Dude, veilside knows what he is talking about.


----------



## zellx2004 (Sep 30, 2004)

93_240_ka said:


> first off it is not a bad idea the walls are not that thin to were you can not bore it and stroke does not mean your making it longer if you have questions go to importperformanceparts.com and read up i highly dought stroking a ka for a higher rev neglects it to 5500 read up on boring and stroking a car and then comment to me thank you



Uh oh, sounds like a fight. lol. my money's on KA. cause I know him. lol. Just because an engine has a redline of 5500rpm does not make it a bad candidate for a turbo. I mean, you do have hybrids, which you can customize your spool time. HKS has a turbo it's a 60 trim (normally good for 400 Hp) pushing only 280. Now tell me if that's not spooling fast enough?


----------



## zellx2004 (Sep 30, 2004)

oh yeah, KA, my importperformanceparts.com page isn't working. Got another site?


----------



## 93_240_ka (Oct 26, 2005)

my bad .net and i don't say he does not know what he is talking about but stroking does not mean its making it longer it can also make it shorter for a higher rev thats all i was saying and boring it will be fine also the walls are not all that thin just saying from experience wich is a little bit better than just reading something not trying to start a fight on something but i personally don't think its a waste of time and it is "if you know what your doing" good for a boosted ka that's all i was saying


----------



## trmn8r (Apr 16, 2005)

i remember 5 yrs ago when i first got my 240 i drifted dat motherfucker straight to the curb. so i can say i was one of those morons. but i learn from my mistakes. and i dont think ive posted a retarted thread as generic as " how can i get 400 hp on my Ka".


----------



## veilside180sx (Aug 23, 2005)

I have 2 issues with that kit.

Boring a turbo motor .60 over is not a good idea, although Wiseco makes a .60 over forged piston. This is required for that kit. Wiseco's piston is geared towards NA, not turbo applications. I would also like to see a dyno sheet for that proving what it states. I also cannot recall any company making a H beam connecting rod, since Eagle (Golden Eagle Manu. is the most popular manufacturer and has not released one yet). Lastly the cranks are considerably different between the SOHC and DOHC due to their oiling systems and it shows that they are all the same kit.
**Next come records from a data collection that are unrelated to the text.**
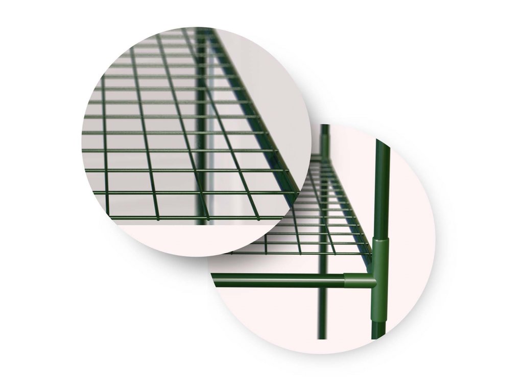A polcok alatti hely használható kiegészítők - cserepek, gereblyék stb. számára.
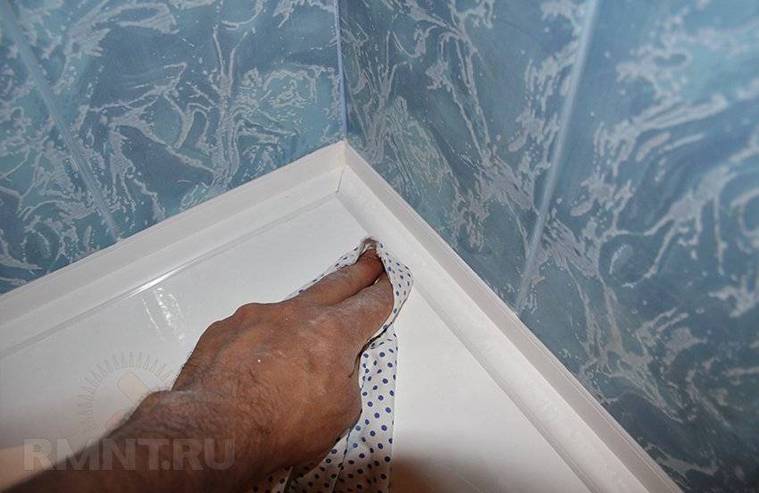 В результате чего плинтус отслаивается в местах крепления. Каждые 4–5 лет рекомендуется снимать фурнитуру между ванной и стеной, чтобы просушить, дезинфицировать и заменить сцепляющий компонент. Чтобы этого избежать:
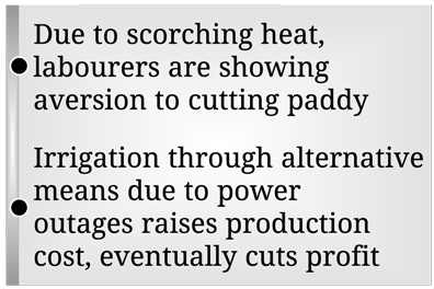 Small rivers, canals, ponds and other waterbodies of the region dried up, hindering the irrigation process, hampering paddy production at a regular cost. Moreover, frequent power outages worsened the situation, making the farmers apprehensive of an additional production cost and less profit.
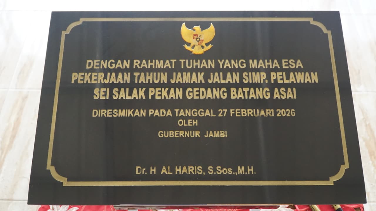 Batang Asai, Jambi, fajarharapan.id – Gubernur Jambi, Al Haris menandatangani prasasti peresmian Jalan Simpang Pelawan–Batang Asai sepanjang lebih kurang 88 kilometer. Penandatanganan dilaksanakan di Masjid Jami’ Al Muhajirin, Pasar Gerabak, Desa Pekan Gedang, Kecamatan Batang Asai, Kabupaten Sarolangun, Jumat (27/02/2026).
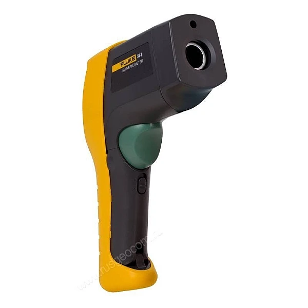 Диапазон измеряемых термометром Fluke 561 температур лежит в пределах от -40°C до +550°C, При этом погрешность измерений составляет 1,0°C при отрицательной температуре, и 1% при температуре выше 0°C. 2 батарейки типа "АА" обеспечивают до 12 часов непрерывных измерений при включенном лазере и подсветке дисплея.
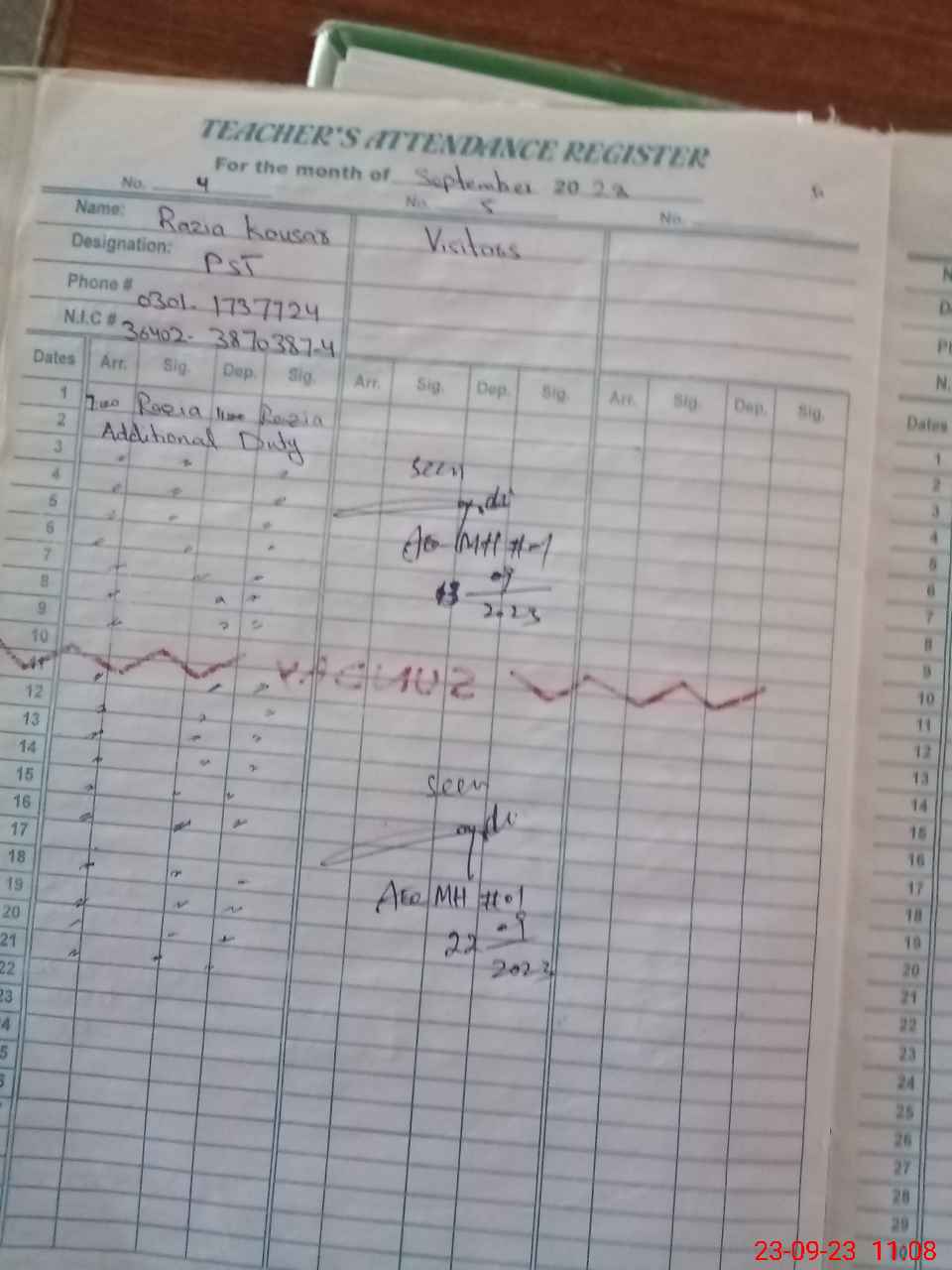 | Name: AS**** AS**** Designation: (School Headmaster's/Headmistress's) PST Phone/Cell Number: 03**** |
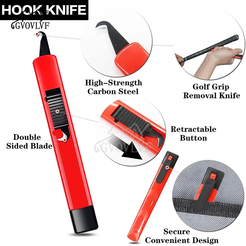 Portable Golf Retractable Hook Bladed Knife for Re-gripping Golf Clubs Golf Accessories Made From High Strength Carbon Steel
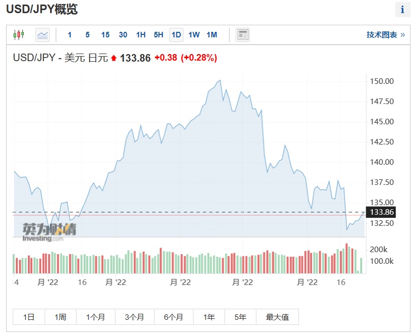 智通财经APP获悉,周三,美元兑日元汇率攀升至一周多高点,截至发稿,美元兑日元汇率涨0.28%,报133.86;该汇率日内早些时候触及134.40,为12月20日以来首次。
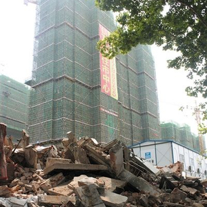 7月21日,麻伟玲、胡凯母子居住的6号楼现已被全部拆除。废墟后为名门地产公司建设中的回迁新房。
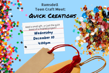 Maybe you need a small gift, or you just want the boost of completing a project. This month we’ll be creating small, quick crafts like bookmarks, beaded jewelry, and fuse beads. Join us to craft and chat or to learn a new skill!
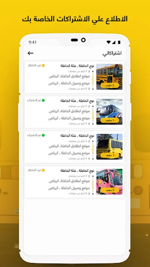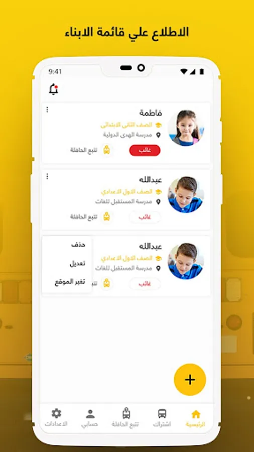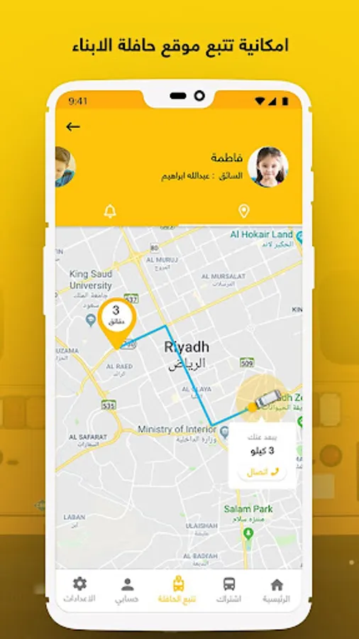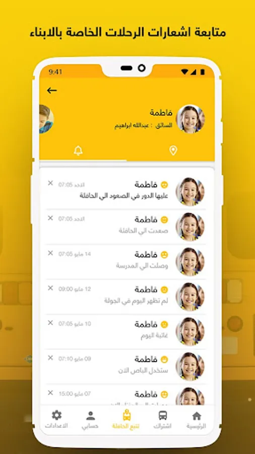 Buss tecc - School Transport Parents : instantly informs parents about the location of their children as they travel to and from school via notifications and alerts on their mobile phones. An alert arrives before the arrival of the bus at a predetermined distance to prepare their son to board the bus without wasting time. Parents are notified when their children get on or off the bus and when they arrive at school. The notification arrives with some information, such as the dates and times of when the children get on and off the bus, with the ability to retrieve this information.
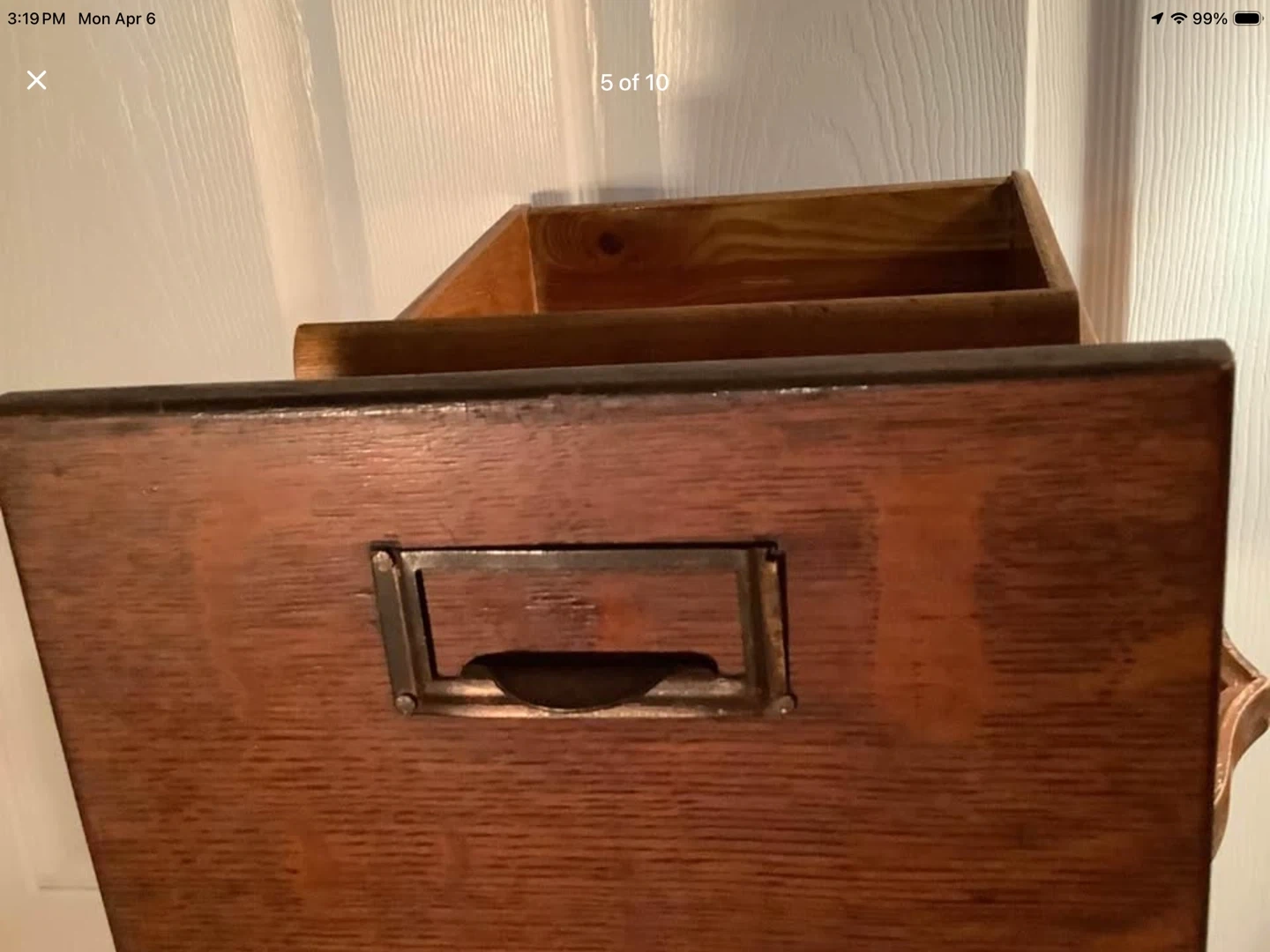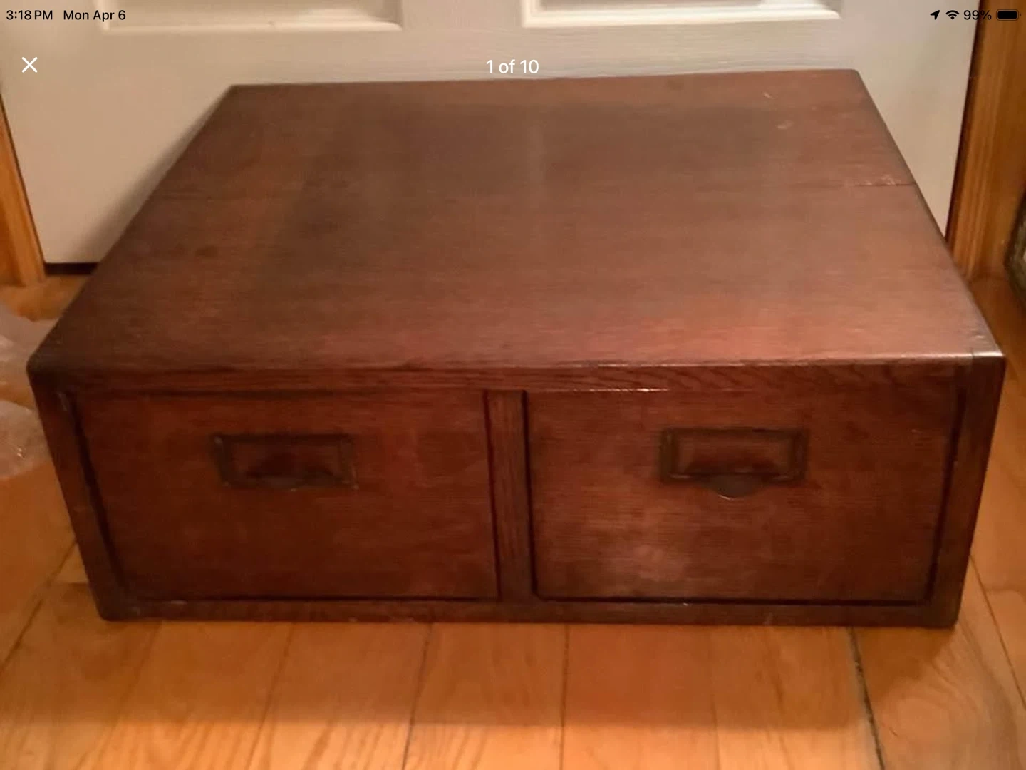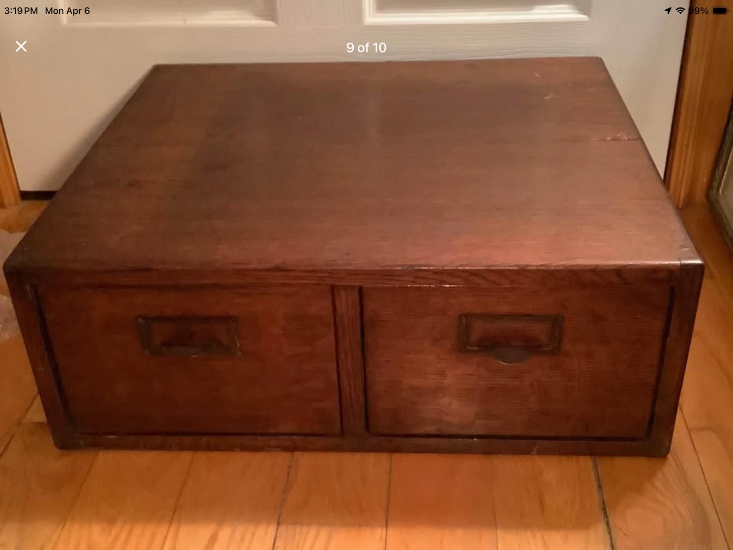Vintage tiger oak wood double file drawer card catalog.

When you bore the KA out that much you wind up having cooling issues on a heavily boosted motor, as the water jackets would be too close to the cylinder walls. Making your cooling system work much harder to try and dissipate the extra heat that is being created from it. I STRONGLY suggest not turboing a ka motor bored more than .40 over.

I'm not too familiar with the Crank manufacturer so I can't comment on that.

I've been around these motors and driven/owned 240's for the last 7 years. I currently own 3 240's and have 2 stripped motors in my garage on stands. I would hardly say I'm new to these things. I'm a mod on ka-t.org and spend a lot of time with Rick (DOHC ka-t record holder) and am in the finishing stages of a well built SOHC turbo project. Mine is shooting well past the 400 that this discussion was started over, and over engineered already. I really don't find it necessary from any angle.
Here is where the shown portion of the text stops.